Please give back, word for word, only the lines starting at the one containing "PawHut pet gates" and ending at the one containing "Men's Retro Patriot" within the material below.
---------- SOURCE DATA
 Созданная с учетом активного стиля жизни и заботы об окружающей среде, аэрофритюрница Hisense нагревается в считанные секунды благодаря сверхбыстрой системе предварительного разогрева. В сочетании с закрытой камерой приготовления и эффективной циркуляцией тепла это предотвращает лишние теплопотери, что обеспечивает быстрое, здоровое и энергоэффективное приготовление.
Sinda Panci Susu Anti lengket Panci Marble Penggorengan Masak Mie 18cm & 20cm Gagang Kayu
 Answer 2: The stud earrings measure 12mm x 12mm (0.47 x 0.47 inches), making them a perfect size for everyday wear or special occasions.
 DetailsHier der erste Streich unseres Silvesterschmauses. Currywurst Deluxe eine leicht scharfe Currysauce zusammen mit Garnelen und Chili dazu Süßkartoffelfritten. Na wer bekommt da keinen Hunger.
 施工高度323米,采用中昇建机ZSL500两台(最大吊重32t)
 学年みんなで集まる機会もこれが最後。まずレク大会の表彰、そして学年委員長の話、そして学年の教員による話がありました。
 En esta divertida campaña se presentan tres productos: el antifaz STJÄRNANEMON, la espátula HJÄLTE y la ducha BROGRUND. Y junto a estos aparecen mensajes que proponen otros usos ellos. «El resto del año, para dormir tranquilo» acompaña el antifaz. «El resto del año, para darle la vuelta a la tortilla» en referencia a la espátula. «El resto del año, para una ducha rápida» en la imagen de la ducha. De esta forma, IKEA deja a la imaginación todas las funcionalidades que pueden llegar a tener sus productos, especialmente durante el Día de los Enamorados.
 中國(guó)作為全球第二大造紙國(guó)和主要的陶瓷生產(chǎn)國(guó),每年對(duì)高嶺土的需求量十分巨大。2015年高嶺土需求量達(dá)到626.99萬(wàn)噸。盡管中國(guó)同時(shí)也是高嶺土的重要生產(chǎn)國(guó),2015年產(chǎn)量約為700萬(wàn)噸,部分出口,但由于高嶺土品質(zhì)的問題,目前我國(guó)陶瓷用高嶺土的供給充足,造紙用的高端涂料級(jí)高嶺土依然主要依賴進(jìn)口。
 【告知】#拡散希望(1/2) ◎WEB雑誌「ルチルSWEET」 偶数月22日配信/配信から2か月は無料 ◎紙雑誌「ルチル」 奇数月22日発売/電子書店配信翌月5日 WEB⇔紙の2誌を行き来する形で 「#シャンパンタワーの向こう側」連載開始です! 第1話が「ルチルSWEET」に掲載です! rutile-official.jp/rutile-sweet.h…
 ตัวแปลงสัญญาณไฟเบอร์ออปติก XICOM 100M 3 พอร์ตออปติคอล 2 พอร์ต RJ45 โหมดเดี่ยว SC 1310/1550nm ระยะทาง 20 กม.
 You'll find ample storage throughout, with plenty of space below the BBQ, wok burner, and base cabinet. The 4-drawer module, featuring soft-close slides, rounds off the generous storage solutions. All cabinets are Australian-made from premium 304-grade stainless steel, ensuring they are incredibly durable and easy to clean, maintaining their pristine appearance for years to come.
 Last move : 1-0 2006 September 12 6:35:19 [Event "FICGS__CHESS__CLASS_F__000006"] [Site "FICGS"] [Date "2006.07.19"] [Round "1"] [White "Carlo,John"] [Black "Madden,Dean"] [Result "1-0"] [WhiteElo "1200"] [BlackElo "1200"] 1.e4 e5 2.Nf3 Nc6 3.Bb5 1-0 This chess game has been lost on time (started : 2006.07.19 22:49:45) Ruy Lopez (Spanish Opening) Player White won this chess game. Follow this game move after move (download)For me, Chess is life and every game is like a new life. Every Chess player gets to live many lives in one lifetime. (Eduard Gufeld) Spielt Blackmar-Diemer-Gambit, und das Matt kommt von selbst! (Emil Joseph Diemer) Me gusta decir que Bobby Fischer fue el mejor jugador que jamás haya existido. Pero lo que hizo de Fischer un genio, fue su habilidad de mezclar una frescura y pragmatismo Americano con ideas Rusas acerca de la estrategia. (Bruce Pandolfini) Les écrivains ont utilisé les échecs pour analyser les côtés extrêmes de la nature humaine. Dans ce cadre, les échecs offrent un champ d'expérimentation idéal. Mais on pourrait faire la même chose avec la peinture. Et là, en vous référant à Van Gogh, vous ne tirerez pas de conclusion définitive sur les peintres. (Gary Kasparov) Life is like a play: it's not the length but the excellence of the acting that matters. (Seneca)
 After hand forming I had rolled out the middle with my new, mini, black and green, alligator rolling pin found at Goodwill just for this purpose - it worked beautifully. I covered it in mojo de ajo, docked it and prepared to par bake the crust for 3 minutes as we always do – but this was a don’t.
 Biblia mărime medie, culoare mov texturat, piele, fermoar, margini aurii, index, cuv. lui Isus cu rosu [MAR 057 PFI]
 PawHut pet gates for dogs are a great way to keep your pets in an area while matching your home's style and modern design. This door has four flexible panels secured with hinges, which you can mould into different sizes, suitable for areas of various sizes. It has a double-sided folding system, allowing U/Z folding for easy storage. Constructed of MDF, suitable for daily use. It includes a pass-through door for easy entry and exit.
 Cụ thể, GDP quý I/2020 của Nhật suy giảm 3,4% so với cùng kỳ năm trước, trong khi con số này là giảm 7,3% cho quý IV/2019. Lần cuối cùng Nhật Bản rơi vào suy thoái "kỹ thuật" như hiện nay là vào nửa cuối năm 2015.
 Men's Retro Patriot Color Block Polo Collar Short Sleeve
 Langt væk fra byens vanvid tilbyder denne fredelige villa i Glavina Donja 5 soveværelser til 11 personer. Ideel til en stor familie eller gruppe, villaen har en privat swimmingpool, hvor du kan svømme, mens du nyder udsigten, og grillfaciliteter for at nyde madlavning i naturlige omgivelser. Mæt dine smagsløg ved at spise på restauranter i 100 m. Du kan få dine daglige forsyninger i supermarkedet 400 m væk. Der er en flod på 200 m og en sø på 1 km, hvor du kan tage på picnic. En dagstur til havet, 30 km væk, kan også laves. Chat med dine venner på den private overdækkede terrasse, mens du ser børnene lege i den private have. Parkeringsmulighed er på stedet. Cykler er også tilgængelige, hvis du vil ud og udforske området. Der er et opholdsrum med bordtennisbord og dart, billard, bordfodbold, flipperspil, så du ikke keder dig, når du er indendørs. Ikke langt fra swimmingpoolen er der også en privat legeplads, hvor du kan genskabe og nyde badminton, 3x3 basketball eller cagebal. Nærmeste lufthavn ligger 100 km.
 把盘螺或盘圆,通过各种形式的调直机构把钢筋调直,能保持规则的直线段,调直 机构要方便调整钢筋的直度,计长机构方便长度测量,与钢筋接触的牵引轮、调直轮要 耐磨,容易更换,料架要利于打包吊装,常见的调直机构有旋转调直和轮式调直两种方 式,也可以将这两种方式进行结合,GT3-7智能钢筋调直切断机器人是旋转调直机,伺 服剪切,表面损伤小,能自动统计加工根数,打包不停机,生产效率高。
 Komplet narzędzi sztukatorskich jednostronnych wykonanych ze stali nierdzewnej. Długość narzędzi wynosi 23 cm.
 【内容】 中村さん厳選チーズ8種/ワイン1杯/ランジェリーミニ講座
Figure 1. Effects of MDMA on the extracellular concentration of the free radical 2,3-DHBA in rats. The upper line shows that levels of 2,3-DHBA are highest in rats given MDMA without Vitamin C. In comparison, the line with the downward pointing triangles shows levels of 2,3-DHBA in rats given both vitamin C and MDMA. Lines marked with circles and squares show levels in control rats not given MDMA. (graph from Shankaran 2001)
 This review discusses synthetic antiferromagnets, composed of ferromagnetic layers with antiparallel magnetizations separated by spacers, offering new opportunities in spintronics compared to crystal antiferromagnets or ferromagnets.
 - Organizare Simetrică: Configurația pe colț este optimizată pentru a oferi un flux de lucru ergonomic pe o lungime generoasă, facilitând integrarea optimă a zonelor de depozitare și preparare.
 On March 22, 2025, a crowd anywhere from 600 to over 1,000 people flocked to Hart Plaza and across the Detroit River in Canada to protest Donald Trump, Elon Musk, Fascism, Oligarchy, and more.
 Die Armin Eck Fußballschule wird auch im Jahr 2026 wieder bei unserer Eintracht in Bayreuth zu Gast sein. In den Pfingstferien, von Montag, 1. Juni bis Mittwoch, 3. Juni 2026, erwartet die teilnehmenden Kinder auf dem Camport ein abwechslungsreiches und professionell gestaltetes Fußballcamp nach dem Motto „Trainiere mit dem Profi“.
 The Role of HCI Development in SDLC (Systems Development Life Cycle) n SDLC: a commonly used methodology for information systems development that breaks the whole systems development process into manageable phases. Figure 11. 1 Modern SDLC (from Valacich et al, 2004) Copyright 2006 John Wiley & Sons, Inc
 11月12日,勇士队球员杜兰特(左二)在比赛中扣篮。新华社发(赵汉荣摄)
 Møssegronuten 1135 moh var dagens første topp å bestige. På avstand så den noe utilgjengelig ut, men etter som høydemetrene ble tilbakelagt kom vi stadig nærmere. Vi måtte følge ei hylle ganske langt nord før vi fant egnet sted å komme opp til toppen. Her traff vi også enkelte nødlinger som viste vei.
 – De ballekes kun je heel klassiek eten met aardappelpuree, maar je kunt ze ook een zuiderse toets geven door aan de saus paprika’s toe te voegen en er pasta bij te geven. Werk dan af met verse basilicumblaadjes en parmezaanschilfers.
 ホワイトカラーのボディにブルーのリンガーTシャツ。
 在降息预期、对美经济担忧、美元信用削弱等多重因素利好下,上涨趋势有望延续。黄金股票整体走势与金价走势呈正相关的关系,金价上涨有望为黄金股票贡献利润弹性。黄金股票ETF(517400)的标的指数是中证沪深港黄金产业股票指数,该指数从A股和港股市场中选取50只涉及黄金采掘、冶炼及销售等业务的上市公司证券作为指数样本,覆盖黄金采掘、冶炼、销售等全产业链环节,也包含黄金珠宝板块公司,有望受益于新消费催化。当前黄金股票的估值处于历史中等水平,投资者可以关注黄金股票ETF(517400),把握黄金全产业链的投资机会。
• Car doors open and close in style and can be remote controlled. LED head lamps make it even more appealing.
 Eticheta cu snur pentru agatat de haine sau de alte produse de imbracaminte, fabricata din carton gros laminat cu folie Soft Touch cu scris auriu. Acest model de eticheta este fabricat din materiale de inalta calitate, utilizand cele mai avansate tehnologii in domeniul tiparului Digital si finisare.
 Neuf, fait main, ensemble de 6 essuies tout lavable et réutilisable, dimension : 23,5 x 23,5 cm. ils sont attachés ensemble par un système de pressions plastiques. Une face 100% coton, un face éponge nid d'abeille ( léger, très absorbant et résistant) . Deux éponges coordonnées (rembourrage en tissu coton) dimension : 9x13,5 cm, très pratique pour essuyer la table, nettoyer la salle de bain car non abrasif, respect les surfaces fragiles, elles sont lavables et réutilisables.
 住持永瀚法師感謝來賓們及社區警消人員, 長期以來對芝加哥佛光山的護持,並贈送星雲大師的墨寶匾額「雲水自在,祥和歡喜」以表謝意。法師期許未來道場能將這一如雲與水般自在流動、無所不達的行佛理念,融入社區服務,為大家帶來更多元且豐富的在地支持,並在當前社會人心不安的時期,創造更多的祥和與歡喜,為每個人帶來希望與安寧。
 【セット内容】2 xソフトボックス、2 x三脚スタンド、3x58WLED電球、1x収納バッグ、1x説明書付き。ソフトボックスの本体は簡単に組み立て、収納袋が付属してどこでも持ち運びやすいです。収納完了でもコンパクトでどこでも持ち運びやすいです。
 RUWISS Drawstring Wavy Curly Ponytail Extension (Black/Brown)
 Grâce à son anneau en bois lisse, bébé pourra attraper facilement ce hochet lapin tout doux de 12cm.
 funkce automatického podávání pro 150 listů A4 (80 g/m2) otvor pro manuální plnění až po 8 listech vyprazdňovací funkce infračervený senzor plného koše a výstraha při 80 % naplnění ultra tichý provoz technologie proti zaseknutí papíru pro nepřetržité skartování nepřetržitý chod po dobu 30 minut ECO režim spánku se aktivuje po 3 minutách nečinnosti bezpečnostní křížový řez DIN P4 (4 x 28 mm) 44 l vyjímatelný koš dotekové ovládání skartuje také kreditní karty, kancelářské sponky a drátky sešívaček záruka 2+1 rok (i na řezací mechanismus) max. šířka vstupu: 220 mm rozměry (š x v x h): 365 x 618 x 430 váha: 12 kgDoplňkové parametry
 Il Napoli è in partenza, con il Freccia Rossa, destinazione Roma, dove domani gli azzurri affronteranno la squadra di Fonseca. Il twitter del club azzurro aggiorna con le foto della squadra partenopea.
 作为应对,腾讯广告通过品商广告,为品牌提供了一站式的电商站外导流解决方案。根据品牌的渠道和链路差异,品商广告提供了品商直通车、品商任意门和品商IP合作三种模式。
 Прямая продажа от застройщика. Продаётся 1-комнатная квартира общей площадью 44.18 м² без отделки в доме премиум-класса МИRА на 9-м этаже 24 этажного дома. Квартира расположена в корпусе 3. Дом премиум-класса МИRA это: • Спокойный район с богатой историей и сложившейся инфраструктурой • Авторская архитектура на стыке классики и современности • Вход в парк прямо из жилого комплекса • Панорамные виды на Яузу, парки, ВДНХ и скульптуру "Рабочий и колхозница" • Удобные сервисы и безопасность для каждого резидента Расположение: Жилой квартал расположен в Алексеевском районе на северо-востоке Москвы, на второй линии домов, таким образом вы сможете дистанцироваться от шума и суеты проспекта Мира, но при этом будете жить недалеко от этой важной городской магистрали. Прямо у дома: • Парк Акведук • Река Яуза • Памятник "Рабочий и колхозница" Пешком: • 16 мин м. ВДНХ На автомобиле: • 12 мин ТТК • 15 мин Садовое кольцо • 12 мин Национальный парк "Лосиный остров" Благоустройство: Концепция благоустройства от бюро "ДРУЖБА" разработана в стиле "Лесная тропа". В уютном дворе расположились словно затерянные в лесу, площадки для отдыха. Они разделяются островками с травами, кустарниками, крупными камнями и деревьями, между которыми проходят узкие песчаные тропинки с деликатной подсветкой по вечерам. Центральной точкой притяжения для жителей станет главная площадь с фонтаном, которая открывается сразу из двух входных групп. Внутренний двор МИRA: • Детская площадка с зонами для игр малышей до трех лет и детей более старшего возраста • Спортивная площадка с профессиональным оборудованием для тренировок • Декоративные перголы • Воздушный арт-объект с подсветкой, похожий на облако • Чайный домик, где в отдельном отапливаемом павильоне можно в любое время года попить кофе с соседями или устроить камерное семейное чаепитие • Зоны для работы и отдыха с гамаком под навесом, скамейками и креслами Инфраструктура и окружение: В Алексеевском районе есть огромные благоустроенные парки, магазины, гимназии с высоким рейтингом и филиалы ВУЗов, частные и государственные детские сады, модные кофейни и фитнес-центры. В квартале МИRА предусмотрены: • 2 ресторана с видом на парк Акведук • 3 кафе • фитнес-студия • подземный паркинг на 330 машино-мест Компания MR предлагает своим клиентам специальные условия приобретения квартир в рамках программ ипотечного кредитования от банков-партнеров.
--------------------
**EXERCISE RESPONSE:**
 PawHut pet gates for dogs are a great way to keep your pets in an area while matching your home's style and modern design. This door has four flexible panels secured with hinges, which you can mould into different sizes, suitable for areas of various sizes. It has a double-sided folding system, allowing U/Z folding for easy storage. Constructed of MDF, suitable for daily use. It includes a pass-through door for easy entry and exit.
 Cụ thể, GDP quý I/2020 của Nhật suy giảm 3,4% so với cùng kỳ năm trước, trong khi con số này là giảm 7,3% cho quý IV/2019. Lần cuối cùng Nhật Bản rơi vào suy thoái "kỹ thuật" như hiện nay là vào nửa cuối năm 2015.
 Men's Retro Patriot Color Block Polo Collar Short Sleeve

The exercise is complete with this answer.